While a large portion of that will fund the teacher pay raise passed by lawmakers, the Mississippi Department of Education outlined the additional benefits of the increased allocation.
As a result of the pay raise, the starting salary for Mississippi’s teachers is now $37,000 and all other teachers and teachers’ assistants will receive a $1,000 pay increase.
Funds for the state’s Early Learning Collaboratives doubled to $16 million, which will serve approximately 6,000 pre-K children. Hosemann recently emphasized the importance of this investment while recapping the session.
“The best economic engine we have in Mississippi is the mind of a child,” That’s what’s most important…”When we take that child from pre-K up through their education time, we have an economic engine in Mississippi for the next 50 years. For the next half-century, they will prosper. They will be your leaders, your mayors, your alderman, your businessmen and women.
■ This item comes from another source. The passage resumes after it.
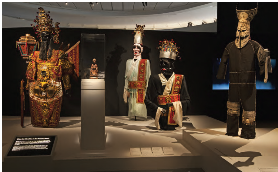
Installation view of Ghosts and Hells at Musée du Quai Branly, Paris

All of that comes out of education,” Hosemann said.
The MDE also noted that lawmakers funded new instructional coaches, allocating $5 million for math coaches and $1.5 million for early childhood education coaches. The new coaches will bolster Mississippi’s team of Literacy-Based Promotion Act (LBPA)-funded literacy coaches, who help teachers statewide become more effective teachers of reading. Since the passage of the LBPA in 2013, Mississippi has become the No. 1 state in the nation for gains in reading.
$20 million was placed in the teacher supply fund—up from $12 million the previous year to help teachers to buy classroom materials. $7.6 million to modernize the Mississippi Student Information System.
$7.6 million to modernize MSIS. Teacher supply funds go directly to teachers to buy classroom materials. Funding for MSIS, created in the 1990s, will update the system for the modern technological era.
The legislature also allocated $1 million to help districts pay for advanced learning assessments including Advanced Placement and the ACT WorkKeys, and $1 million for career and technical education grants to districts.
“Students and teachers statewide will benefit from these new investments that advance the State Board of Education’s goals,” Dr. Carey Wright, state superintendent of education, said. “The state has put in place proven strategies that have significantly improved student achievement, and these investments will help students and teachers build upon their successes.”